I have a query that I run that outputs a list of data consisting of a date string and a count:
date_cnts = [(u'2014-06-27', 1),
(u'2014-06-29', 3),
(u'2014-06-30', 1),
(u'2014-07-01', 1),
(u'2014-07-02', 1),
(u'2014-07-09', 1),
(u'2014-07-10', 3),
(u'2014-07-11', 1),
(u'2014-07-12', 2),
(u'2014-07-14', 1),
(u'2014-07-15', 2),
(u'2014-07-17', 3),
(u'2014-07-18', 1),
(u'2014-07-20', 1),
(u'2014-07-21', 1),
(u'2014-07-23', 2),
(u'2014-07-26', 2),
(u'2014-07-27', 2),
(u'2014-07-28', 7),
(u'2014-07-29', 3),
(u'2014-07-31', 2),
(u'2014-08-01', 1),
(u'2014-08-05', 4),
(u'2014-08-07', 2),
(u'2014-08-08', 1),
(u'2014-08-13', 1),
(u'2014-08-14', 3),
(u'2014-08-15', 1),
(u'2014-08-16', 6),
(u'2014-08-17', 1),
(u'2014-08-18', 1),
(u'2014-08-20', 1),
(u'2014-08-24', 1),
(u'2014-08-25', 3),
(u'2014-08-29', 1),
(u'2014-08-30', 1),
(u'2014-09-03', 3),
(u'2014-09-13', 1),
(u'2014-09-14', 1),
(u'2014-09-24', 3),
(u'2014-10-20', 1),
(u'2014-10-24', 1),
(u'2014-11-05', 3),
(u'2014-11-09', 1),
(u'2014-11-12', 1),
(u'2014-11-13', 1),
(u'2014-11-14', 1),
(u'2014-11-18', 1),
(u'2014-11-19', 4),
(u'2014-11-22', 1),
(u'2014-11-26', 3),
(u'2014-11-28', 3),
(u'2014-12-01', 2),
(u'2014-12-02', 2),
(u'2014-12-04', 2),
(u'2014-12-05', 1),
(u'2014-12-06', 5),
(u'2014-12-11', 1),
(u'2014-12-15', 10)]
Notice that there are date gaps in this data set, indicating that the missing dates have a value of 0
.
My working (non-Pandas) version of code looks like this:
from matplotlib import pyplot as plt
x_val = [datetime.strptime(x[0],'%Y-%m-%d') for x in date_cnts]

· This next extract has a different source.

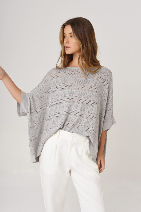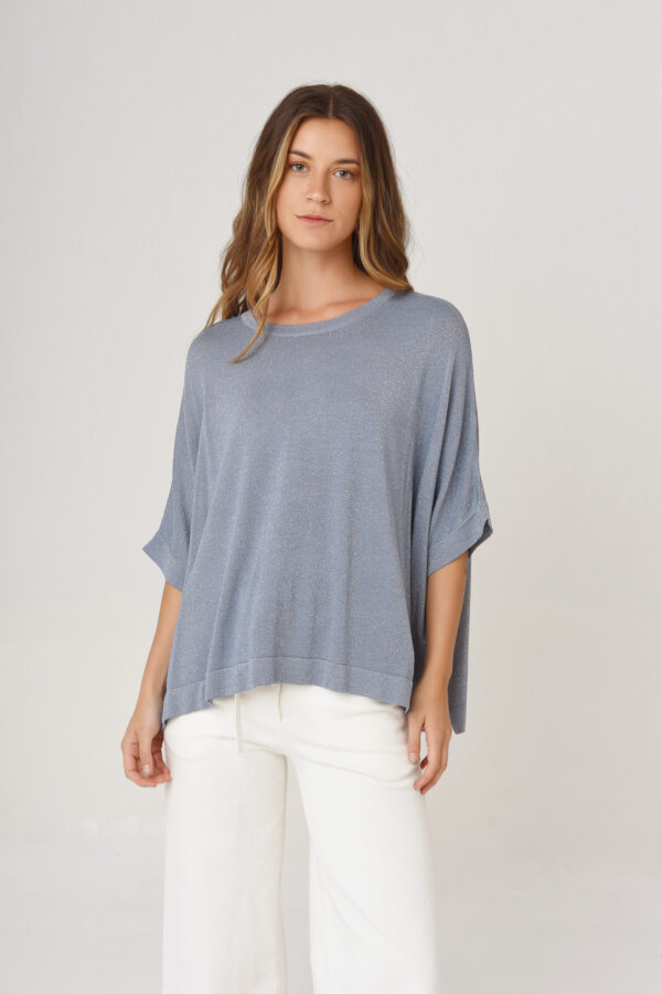 $25.000,00Sweater de hilo con lurex. Oversize manga al codo. Cuello redondo.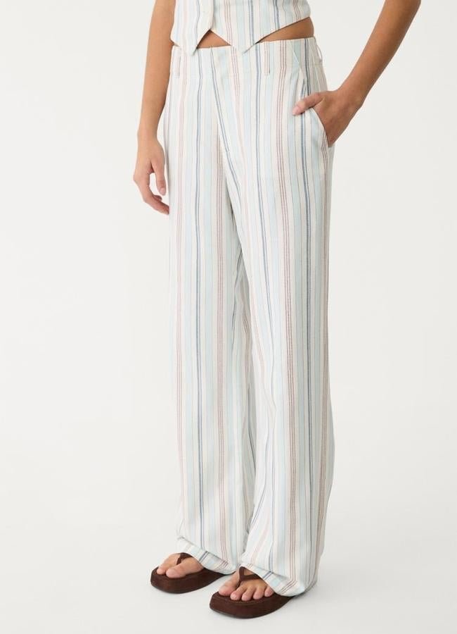 Pantalón de estilo vaquero ideal de rayitas bicolor y fondo crudo. Es comodísimo y sienta genial. Precio: 79,90 euros.

y_val = [x[1] for x in date_cnts]
plt.bar(x_val, y_val)
plt.grid(True)
plt.show()
This outputs this image:
Now, if I convert my query results to a Panda's dataframe
Date Count
0 2014-06-27 1
1 2014-06-29 3
2 2014-06-30 1
3 2014-07-01 1
4 2014-07-02 1
5 2014-07-09 1
6 2014-07-10 3
7 2014-07-11 1
8 2014-07-12 2
9 2014-07-14 1
10 2014-07-15 2
11 2014-07-17 3
12 2014-07-18 1
13 2014-07-20 1
14 2014-07-21 1
15 2014-07-23 2
16 2014-07-26 2
17 2014-07-27 2
18 2014-07-28 7
19 2014-07-29 3
20 2014-07-31 2
21 2014-08-01 1
22 2014-08-05 4
23 2014-08-07 2
24 2014-08-08 1
25 2014-08-13 1
26 2014-08-14 3
27 2014-08-15 1
28 2014-08-16 6
29 2014-08-17 1
30 2014-08-18 1
31 2014-08-20 1
32 2014-08-24 1
33 2014-08-25 3
34 2014-08-29 1
35 2014-08-30 1
36 2014-09-03 3
37 2014-09-13 1
38 2014-09-14 1
39 2014-09-24 3
40 2014-10-20 1
41 2014-10-24 1
42 2014-11-05 3
43 2014-11-09 1
44 2014-11-12 1
45 2014-11-13 1
46 2014-11-14 1
47 2014-11-18 1
48 2014-11-19 4
49 2014-11-22 1
50 2014-11-26 3
51 2014-11-28 3
52 2014-12-01 2
53 2014-12-02 2
54 2014-12-04 2
55 2014-12-05 1
56 2014-12-06 5
57 2014-12-11 1
58 2014-12-15 10
And utilize the simple Panda's wrapper to plot this:
plt.figure()
df.plot(kind='bar', grid=True, legend=False, x='Date', y=u'Count')
plt.show()
I get this result. Notice that my missing days do not appear in this graph.
How do I readd the gaps (and 0
values) where my dates do not exist in the DataFrame?
The reason I want to utilize Pandas is to take advantage of some of it's other features (most importantly, a rolling average).